Es gibt etwa 25 bis 32 Pentaphragma-Arten:[5]
- Pentaphragma acuminatum Airy Shaw: Borneo.[5]
- Pentaphragma albiflorum H.Pearson: Borneo bis Sulawesi.[5]
- Pentaphragma aurantiacum Stapf (Syn.: Pentaphragma grande Ridl.): Borneo bis Palawan.[5]
- Pentaphragma bartlettii Merr.: Sumatra.[5]
- Pentaphragma begoniifolium (Roxb.) G.Don: Südliches Myanmar bis zur nördlichen Malaiischen Halbinsel.[5]
- Pentaphragma bicolor C.W.Lin: Sarawak.[5]
- Pentaphragma combretiflorum Airy Shaw: Natuna-Inseln.[5]
- Pentaphragma cyrtandriforme Airy Shaw: Malaische Halbinsel und Borneo.[5]
- Pentaphragma decurrens Airy Shaw: Sarawak.[5]
- Pentaphragma ellipticum Poulsen: Malaysia und Sumatra.[5]
- Pentaphragma gamopetalum Gagnep.: Vietnam.[5]
- Pentaphragma grandiflorum Kurz: Philippinen bis Neuguinea.[5]
- Pentaphragma honbaense (A.Chev. & Gagnep.) Gagnep.: Vietnam.[5]
- Pentaphragma horsfieldii (Miq.) Airy Shaw: Thailand bis Sumatra und Borneo.[5]

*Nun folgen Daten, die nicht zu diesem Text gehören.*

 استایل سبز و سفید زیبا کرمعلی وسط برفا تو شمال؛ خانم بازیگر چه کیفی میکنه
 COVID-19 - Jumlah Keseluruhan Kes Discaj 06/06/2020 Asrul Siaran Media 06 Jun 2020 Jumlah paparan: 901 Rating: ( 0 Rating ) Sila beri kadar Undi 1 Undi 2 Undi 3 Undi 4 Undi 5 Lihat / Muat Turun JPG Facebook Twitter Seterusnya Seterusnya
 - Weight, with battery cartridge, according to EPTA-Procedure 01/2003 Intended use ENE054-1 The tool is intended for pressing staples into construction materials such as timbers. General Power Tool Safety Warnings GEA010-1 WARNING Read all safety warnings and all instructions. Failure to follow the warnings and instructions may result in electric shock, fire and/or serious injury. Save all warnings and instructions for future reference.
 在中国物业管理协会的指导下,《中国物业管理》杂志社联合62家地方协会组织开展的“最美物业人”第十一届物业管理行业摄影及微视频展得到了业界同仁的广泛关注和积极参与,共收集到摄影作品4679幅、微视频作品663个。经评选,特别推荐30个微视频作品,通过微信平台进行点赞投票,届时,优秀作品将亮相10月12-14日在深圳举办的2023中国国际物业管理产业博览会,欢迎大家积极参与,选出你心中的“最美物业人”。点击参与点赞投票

- Pentaphragma insigne Airy Shaw: Sarawak.[5]
- Pentaphragma jaheri Airy Shaw: Zentrales Borneo.[5]
- Pentaphragma lambirense Kiew: Sie wurde 1990 aus Sarawak erstbeschrieben.[6]

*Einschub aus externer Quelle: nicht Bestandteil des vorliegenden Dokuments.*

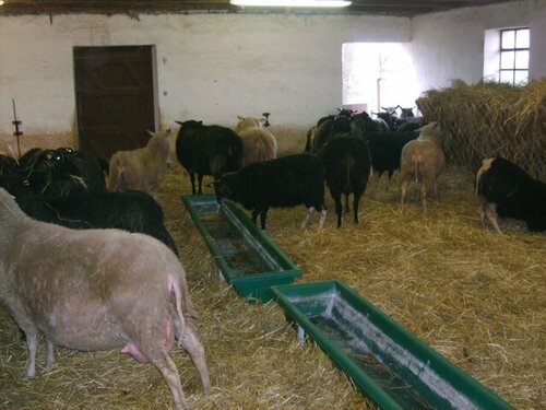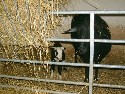 Für die Mitarbeiter ist es jeden Morgen spannend zu sehen, wie viele Neugeborene die Nacht wohl gebracht hat. Ein besonders lustiges und beliebtes Gesprächsthema ist die Zeichnung der schwarzweißen Lämmchen, deren Mutter schwarz und deren Vater weiß ist. Denn: Nicht die Farbeinheit ist Ziel unserer Zuchtarbeit, sondern gesunde Milch und vitale Tiere!
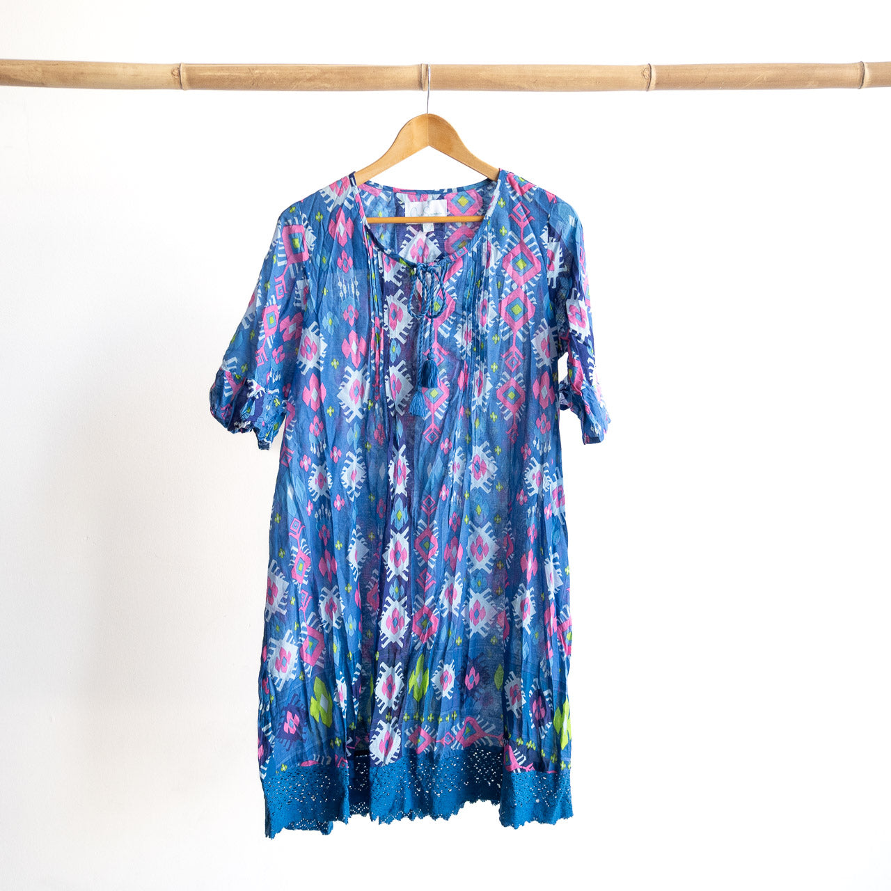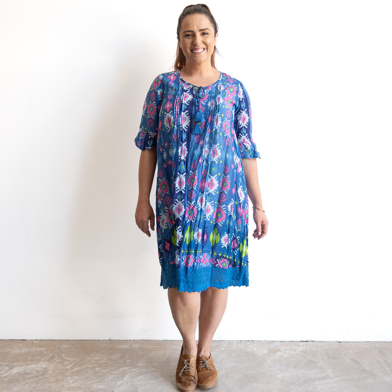 {"id":9968563749150,"title":"Cotton Lace Hem Tunic Dress - Persian Border Blue","handle":"cotton-lace-hem-tunic-dress-persian-border-blue","description":"\u003cp\u003eCut from lightweight crinkled cotton, this tunic silhouette floats gently over the body with plenty of movement and airflow. The round neckline features a soft split with a tie detail, finished with cotton tassels for a touch of texture. Gentle pintucks through the bodice add shape without restriction, keeping the fit relaxed through the waist and hip.\u003c\/p\u003e\n\u003cp\u003eThe sleeves sit just below the elbow for light coverage. The hem falls to just on the knee on most, finished with a decorative cotton lace edge that adds interest and detail. There are no zips, no lining and nothing complicated — just an easy pull-on style designed for warm days.\u003c\/p\u003e\n\u003cp\u003eThe natural crinkle texture means this dress is forgiving, travel-friendly and refreshingly low maintenance.\u003c\/p\u003e\n\u003cp\u003eNicole wears the size 12 in our photos. She is 163cm tall with a bust of 100cm. The fit is relaxed and true to size, with an easy, tunic-style shape.\u003c\/p\u003e\n\u003cp\u003eCold gentle machine wash. No ironing needed - the natural crinkle is part of the charm.\u003c\/p\u003e","published_at":"2026-01-08T15:06:41+10:00","created_at":"2026-01-08T10:08:30+10:00","vendor":"OSR","type":"Women's Dresses","tags":["Category_Dresses","DW23J","flexify","Hannah Tunic Boho Short Sleeve","IMPORT_4","new arrivals","new this week","One Summer SS25\/26","Season_Spring\/Summer","Seasonal 25\/26","spo-cs-disabled","spo-default","spo-disabled","spo-notify-me-disabled","Spring\/Summer 25\/26"],"price":5900,"price_min":5900,"price_max":5900,"available":true,"price_varies":false,"compare_at_price":null,"compare_at_price_min":0,"compare_at_price_max":0,"compare_at_price_varies":false,"variants":[{"id":50494910365982,"title":"10 - Fits bust up to 100cm","option1":"10 - Fits bust up to 100cm","option2":null,"option3":null,"sku":"30540813","requires_shipping":true,"taxable":true,"featured_image":{"id":62733570801950,"product_id":9968563749150,"position":1,"created_at":"2026-01-08T13:16:52+10:00","updated_at":"2026-01-08T13:17:07+10:00","alt":null,"width":1280,"height":1280,"src":"\/\/kobomo.com.au\/cdn\/shop\/files\/CottonLaceEdgeTunicDressbyOneSummer-PersianBorderBlue-2.jpg?v=1767842227","variant_ids":[50494910365982,50494910398750,50494910431518,50494910464286,50494910497054,50494910529822]},"available":true,"name":"Cotton Lace Hem Tunic Dress - Persian Border Blue - 10 - Fits bust up to 100cm","public_title":"10 - Fits bust up to 100cm","options":["10 - Fits bust up to 100cm"],"price":5900,"weight":188,"compare_at_price":null,"inventory_quantity":0,"inventory_management":"shopify","inventory_policy":"continue","barcode":null,"featured_media":{"alt":null,"id":53999841607966,"position":1,"preview_image":{"aspect_ratio":1.0,"height":1280,"width":1280,"src":"\/\/kobomo.com.au\/cdn\/shop\/files\/CottonLaceEdgeTunicDressbyOneSummer-PersianBorderBlue-2.jpg?v=1767842227"}},"requires_selling_plan":false,"selling_plan_allocations":[]},{"id":50494910398750,"title":"12 - Fits bust up to 105cm","option1":"12 - Fits bust up to 105cm","option2":null,"option3":null,"sku":"30540814","requires_shipping":true,"taxable":true,"featured_image":{"id":62733570801950,"product_id":9968563749150,"position":1,"created_at":"2026-01-08T13:16:52+10:00","updated_at":"2026-01-08T13:17:07+10:00","alt":null,"width":1280,"height":1280,"src":"\/\/kobomo.com.au\/cdn\/shop\/files\/CottonLaceEdgeTunicDressbyOneSummer-PersianBorderBlue-2.jpg?v=1767842227","variant_ids":[50494910365982,50494910398750,50494910431518,50494910464286,50494910497054,50494910529822]},"available":true,"name":"Cotton Lace Hem Tunic Dress - Persian Border Blue - 12 - Fits bust up to 105cm","public_title":"12 - Fits bust up to 105cm","options":["12 - Fits bust up to 105cm"],"price":5900,"weight":195,"compare_at_price":null,"inventory_quantity":3,"inventory_management":"shopify","inventory_policy":"continue","barcode":null,"featured_media":{"alt":null,"id":53999841607966,"position":1,"preview_image":{"aspect_ratio":1.0,"height":1280,"width":1280,"src":"\/\/kobomo.com.au\/cdn\/shop\/files\/CottonLaceEdgeTunicDressbyOneSummer-PersianBorderBlue-2.jpg?v=1767842227"}},"requires_selling_plan":false,"selling_plan_allocations":[]},{"id":50494910431518,"title":"14 - Fits bust up to 115cm","option1":"14 - Fits bust up to 115cm","option2":null,"option3":null,"sku":"30540815","requires_shipping":true,"taxable":true,"featured_image":{"id":62733570801950,"product_id":9968563749150,"position":1,"created_at":"2026-01-08T13:16:52+10:00","updated_at":"2026-01-08T13:17:07+10:00","alt":null,"width":1280,"height":1280,"src":"\/\/kobomo.com.au\/cdn\/shop\/files\/CottonLaceEdgeTunicDressbyOneSummer-PersianBorderBlue-2.jpg?v=1767842227","variant_ids":[50494910365982,50494910398750,50494910431518,50494910464286,50494910497054,50494910529822]},"available":true,"name":"Cotton Lace Hem Tunic Dress - Persian Border Blue - 14 - Fits bust up to 115cm","public_title":"14 - Fits bust up to 115cm","options":["14 - Fits bust up to 115cm"],"price":5900,"weight":203,"compare_at_price":null,"inventory_quantity":5,"inventory_management":"shopify","inventory_policy":"continue","barcode":null,"featured_media":{"alt":null,"id":53999841607966,"position":1,"preview_image":{"aspect_ratio":1.0,"height":1280,"width":1280,"src":"\/\/kobomo.com.au\/cdn\/shop\/files\/CottonLaceEdgeTunicDressbyOneSummer-PersianBorderBlue-2.jpg?v=1767842227"}},"requires_selling_plan":false,"selling_plan_allocations":[]},{"id":50494910464286,"title":"16 - Fits bust up to 120cm","option1":"16 - Fits bust up to 120cm","option2":null,"option3":null,"sku":"30540816","requires_shipping":true,"taxable":true,"featured_image":{"id":62733570801950,"product_id":9968563749150,"position":1,"created_at":"2026-01-08T13:16:52+10:00","updated_at":"2026-01-08T13:17:07+10:00","a

- Pentaphragma lanuginosum Airy Shaw: Sula-Inseln.[5]
- Pentaphragma longisepalum Kiew: Sie wurde 1990 aus Sarawak und Sabah erstbeschrieben.[6]
- Pentaphragma mindanaense Merr.: Mindanao.[5]
- Pentaphragma narathiwatense Poopath & Pooma: Sie wurde 2023 aus der thailändischen Halbinsel erstbeschrieben.[5]
- Pentaphragma paucinerve Quisumb. & Merr.: Luzon.[5]
- Pentaphragma pendulum C.W.Lin: Sie wurde 2016 aus Sarawak erstbeschrieben.[5]
- Pentaphragma platyphyllum Merr.: Philippinen.[5]
- Pentaphragma poilanei (Gagnep.) Gagnep.: Vietnam und südöstliches Thailand.[5]
- Pentaphragma prostratum Kiew: Sie wurde 1990 aus Sarawak erstbeschrieben.[6]
- Pentaphragma sinense Hemsl. & E.H.Wilson (Syn.: Pentaphragma winitii Craib): Südliches Yunnan bis nördliches Indochina.[5]
- Pentaphragma spatulisepalum Airy Shaw: Sarawak.[5]
- Pentaphragma spicatum Merr.: China (südliches Guangxi und Guangdong bis Hainan).[5]
- Pentaphragma tenuiflorum Airy Shaw: Sarawak.[5]
- Pentaphragma tetrapetalum Airy Shaw: Nördliches Borneo.[5]